Published: March 12, 2019
CAPE NEDDICK, MAINE — The great Anthony J. Anni, better known as Tony or “Cookie” — husband, father, uncle, grandfather, godfather, friend, artist, athlete, coach, veteran and business owner — peacefully passed away in his Cape Neddick home surrounded by his family on March 2, 2019. In the trade, he was known as the co-founder of Cranberry Hill Antiques & Custom Lighting, alongside his wife, Dottie.
Tony, son of Dominick and Joanna Anni, brother to Linda Anni, was born August 26, 1940, in Port Chester, N.Y., where he attended public schools, created award-winning art and played for the Port Chester Aggies.
From 1961 to 1963, Tony honorably served in the US Army’s 4th Psychological Operations Unit (Airborne) at Fort Bragg, N.C. The majority of his time was served working under General William Yarborough with Sargent John Holmes, creating what is now called the US Army Airborne & Special Operations Museum. There, he painted a portrait of General William Darby, sculpted statues of soldiers in combat and designed special museum exhibits.
He was a star hitting catcher at Port Chester high school (1954–58) and went on to anchor the SUNY-Farmingdale baseball team (1958–60) that would compete in a JUCO World Series. He was later offered a contract with the Class A Winston Salem Warthogs. Instead, he married his only love, Dorothy, in 1963. His athletic talent carried on through his never-ending devotion to the New York Yankees and his passion for golf.
While studying at both the School of Visual Arts and Pratt Institute, he became a New York City art director. Afterward, once residing in Maine, he continued his profession, designing high-end packaging for international food companies. Tony specialized in packaging gourmet coffees, teas and cheeses. He also worked for the International Marketing Council.
In 1970, he and Dottie co-founded Cranberry Hill Antiques & Custom Lighting. Undying love for their business and their community grew into the thriving institution that remains 50 years later. Tony’s kind disposition, enthusiasm and unmatched creativity drew in a loyal following of locals, musicians, architects, interior designers, celebrities and politicians.
Awarded and recognized throughout his life as a fine artist, Tony published works with the National Cancer Society, Reader’s Digest and the National Portrait Gallery. Among his many talents, Tony would carve gifts for friends and family from wood and etch ostrich and emu eggs in the traditional scrimshaw style. His creative talents were endless.
Tony was a fiery, pointed, local advocate for the preservation of Cape Neddick and its historic artifacts. Residents throughout York knew that they could bring anything from the town’s past, entrusting him to cherish and preserve it. He was a periodic editorial contributor to the York Weekly, with subjects on conservation and protecting the rights of longtime York natives. Some of his letters are still recalled by friends to this day.

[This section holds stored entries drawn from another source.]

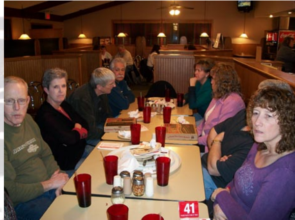
Dinner Ride to Old Time Café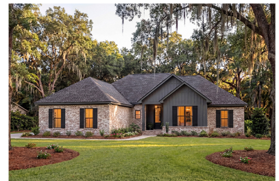
Alternate Color Scheme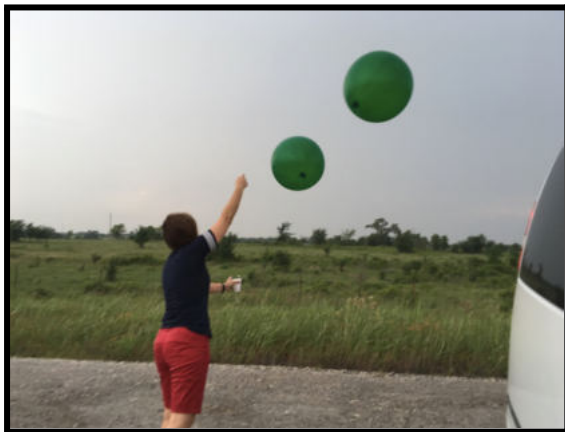
A Swarmsonde is released with two balloons attached to the sonde

When the sonde is released from the ground it is attached to two balloons instead of one. At a user-defined altitude, one balloon is cut off from the sonde. The balloon that still is attached to the sonde has enough helium to keep the sonde at the preferred altitude for a longer time. The sondes use a TDMA radio algorithm to share a single frequency, and data compression to transmit all data over a long-range radio. Swarmsonde is based on the miniature radiosonde Windsound.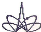
Kazan Scientific Center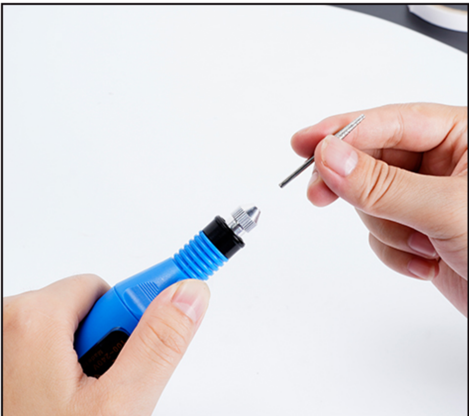
Step3:Insert the grinding head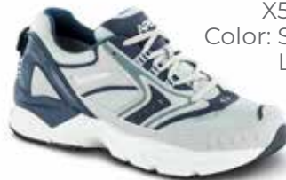
X532M* Color: Silver/Navy Lace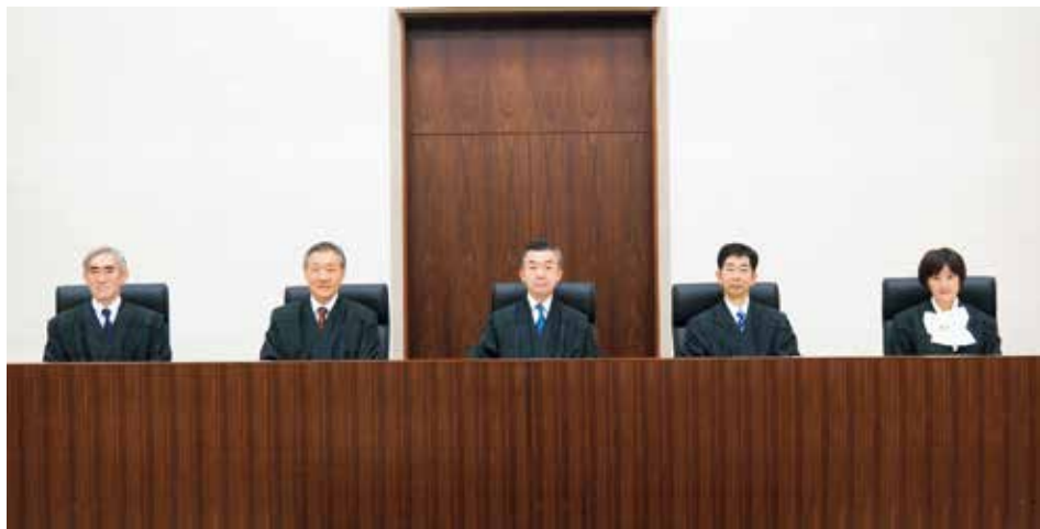
Grand Panel on the Bench（大合議体による審理）

大合議制度により、知的財産高等裁判所としての法的解釈の統一も図られることとなります。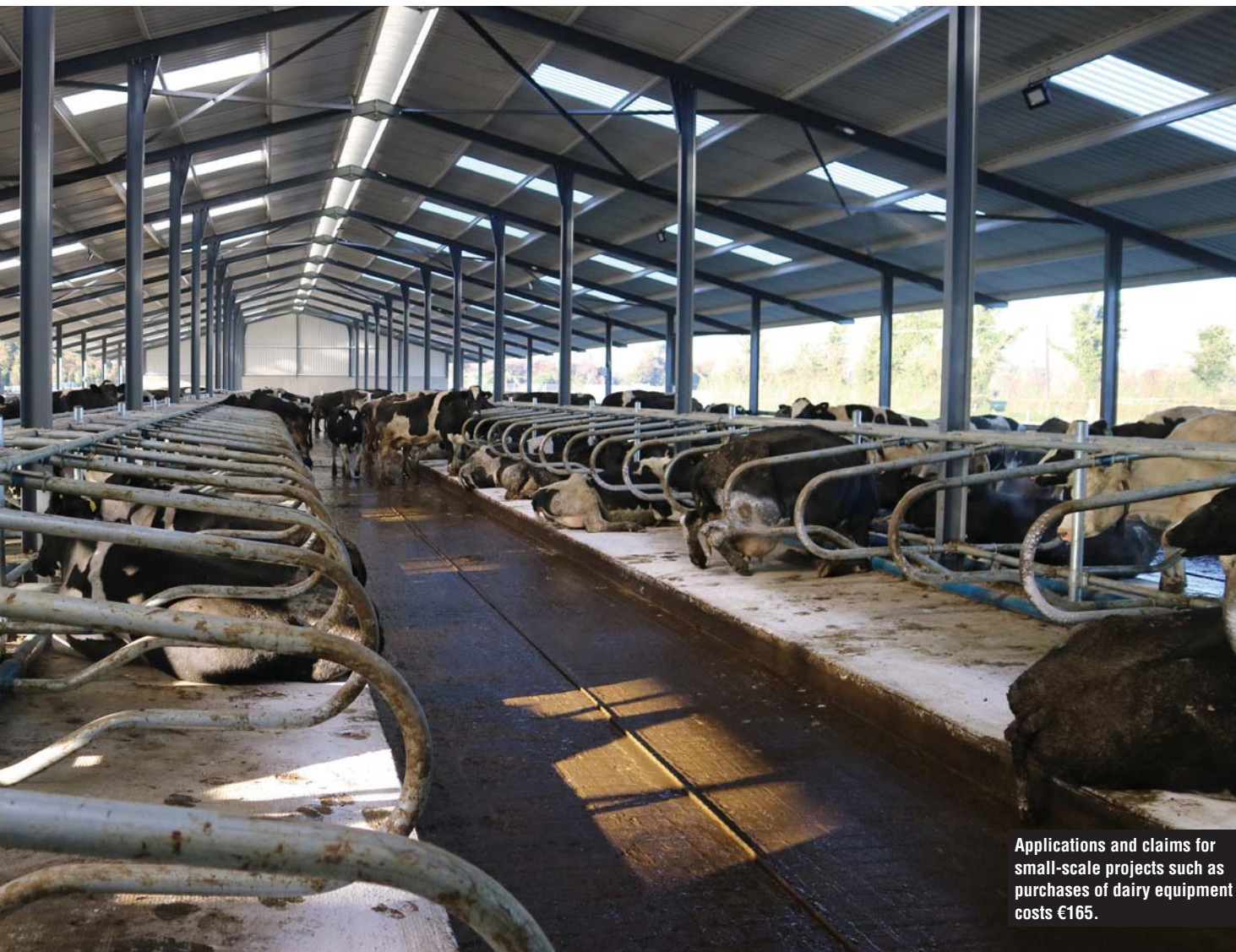
Applications and claims for small-scale projects such as purchases of dairy equipment costs €165.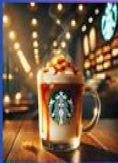
Starbucks' Caramel Macchiato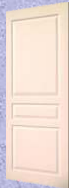
3 Panel Square Woodgrain Finish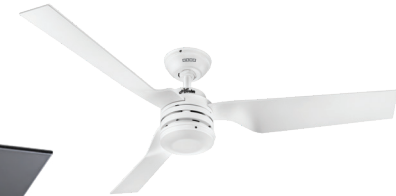
White with White Blades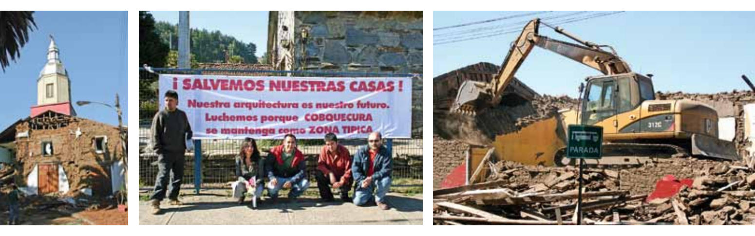
Coquecura, Region Biobio

Villa Allegre, Region del Maule, La Merced Church

Tony and Dottie were always generous and gracious hosts to all who visited their home and business. It wasn’t uncommon for friends and strangers alike to get a meal, stay the night, or join their family for holidays. This and the lighting of their large pine tree every Thanksgiving is in thanks to the residents of Cape Neddick for welcoming their family. Tony adopted this tradition, and it will continue in his honor.
He spent the majority of his exceptional life in Cape Neddick with his wife of 55 years, Dorothy Anni (née Licata), and daughters Eileen Berezni (Mark) and Amy Powell (David) and son Tony Jr (Megan Callan). His joy, love and support for family continued with the birth of his three grandchildren, Anastasia Berezni, Isabella Berezni and Jackson Powell.
Lucas & Eaton Funeral Home in York, Maine, handled funeral arrangements. Family and friends gathered in celebration of Tony’s life on March 9 at St Christopher’s Church in York. In lieu of flowers, a donation to the York Land Trust would continue Tony’s passion to preserve York.